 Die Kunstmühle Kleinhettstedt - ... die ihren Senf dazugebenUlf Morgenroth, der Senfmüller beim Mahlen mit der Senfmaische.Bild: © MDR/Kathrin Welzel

=-=-=-=-=

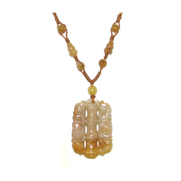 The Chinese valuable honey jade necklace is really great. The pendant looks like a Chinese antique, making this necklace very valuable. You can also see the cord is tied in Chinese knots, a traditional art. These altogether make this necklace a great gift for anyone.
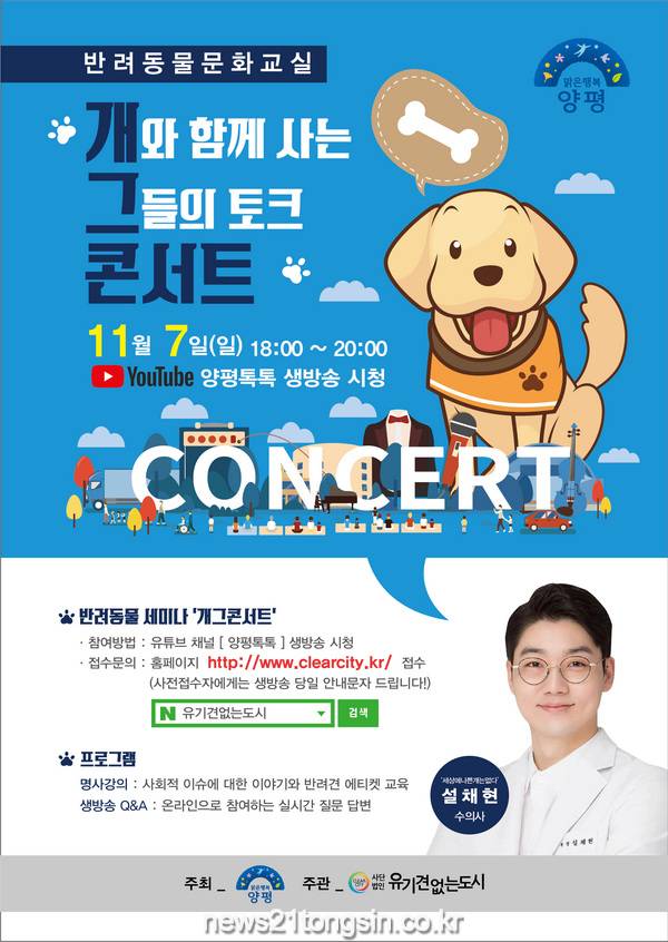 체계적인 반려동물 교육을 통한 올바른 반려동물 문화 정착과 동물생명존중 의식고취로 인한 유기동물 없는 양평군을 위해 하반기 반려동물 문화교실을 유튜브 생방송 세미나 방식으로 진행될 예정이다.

=-=-=-=-=

:: INSTRUCTIONS TO FOLLOW ::
Repeat exactly, and only, the entries from the line with "The Chinese valuable" through the line with "체계적인 반려동물 교육을". Pictures are skipped.

:: ANSWER TO THIS TASK ::
 The Chinese valuable honey jade necklace is really great. The pendant looks like a Chinese antique, making this necklace very valuable. You can also see the cord is tied in Chinese knots, a traditional art. These altogether make this necklace a great gift for anyone.
 체계적인 반려동물 교육을 통한 올바른 반려동물 문화 정착과 동물생명존중 의식고취로 인한 유기동물 없는 양평군을 위해 하반기 반려동물 문화교실을 유튜브 생방송 세미나 방식으로 진행될 예정이다.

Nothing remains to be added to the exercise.